_Activity_. Beginning with the line where "5月9日上午,南宁市英华学校" appears, restate each line word for word until the data ends. Pictures do not go in.

_Records provided_.

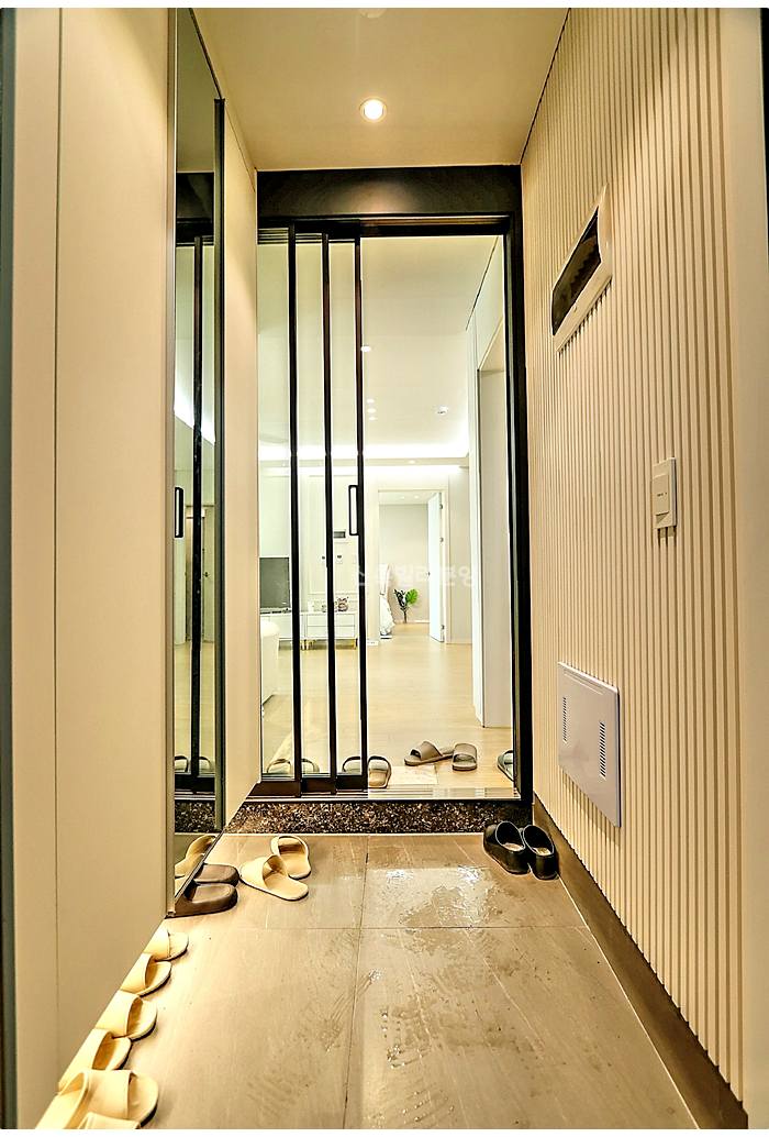1층 자주식 주차장은 공간이 꽤 넉넉해서, 늦게 귀가해도 주차 전쟁 치를 일은 없겠어요. 현관 중문 디자인도 꽤 고급스러운 편이죠.
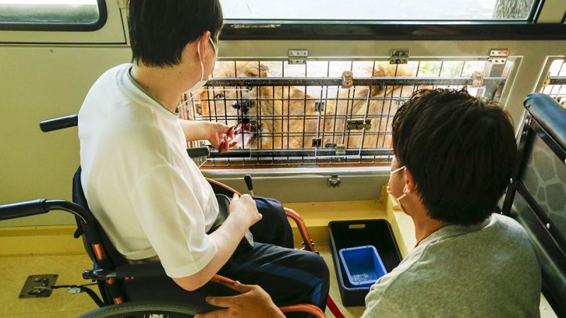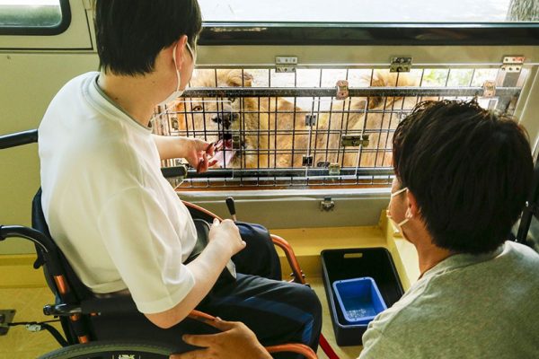 車イスのままご乗車いただけるリフト付きバスを使ったエサやり体験バスは国内では初登場です!
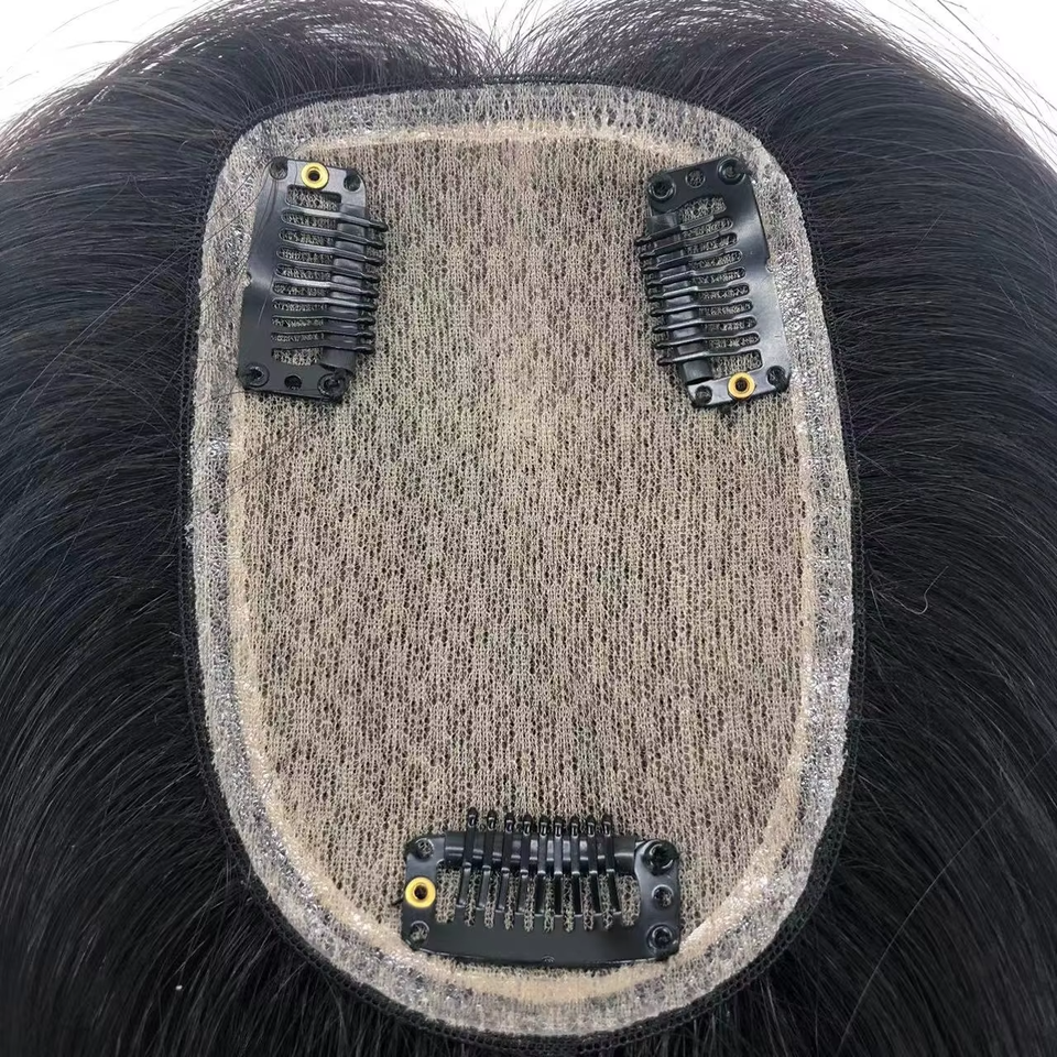 1B ฐานผ้าไหมที่มีคุณภาพสูงแฮร์พีซผูกด้วยมือพร้อมคลิปหนีบผมแท้
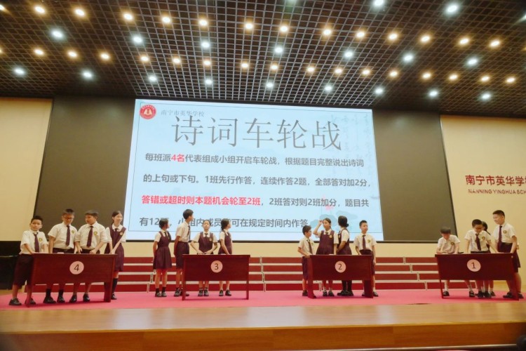 5月9日上午,南宁市英华学校的校园里,一场别开生面、充满诗意与激情的小学五年级诗词大会精彩上演!这里,诗词不再是课本上的文字,而是化作了同学们心中的星光,照亮了整个校园。
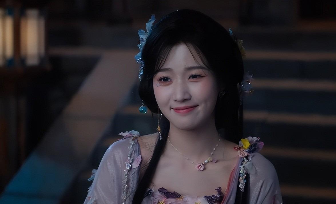 换回女装打扮之后,又有了额头的刘海遮挡,卢昱晓的精致妆造,比当男生时适配了不少。

_Result for this exercise_.
 5月9日上午,南宁市英华学校的校园里,一场别开生面、充满诗意与激情的小学五年级诗词大会精彩上演!这里,诗词不再是课本上的文字,而是化作了同学们心中的星光,照亮了整个校园。
 换回女装打扮之后,又有了额头的刘海遮挡,卢昱晓的精致妆造,比当男生时适配了不少。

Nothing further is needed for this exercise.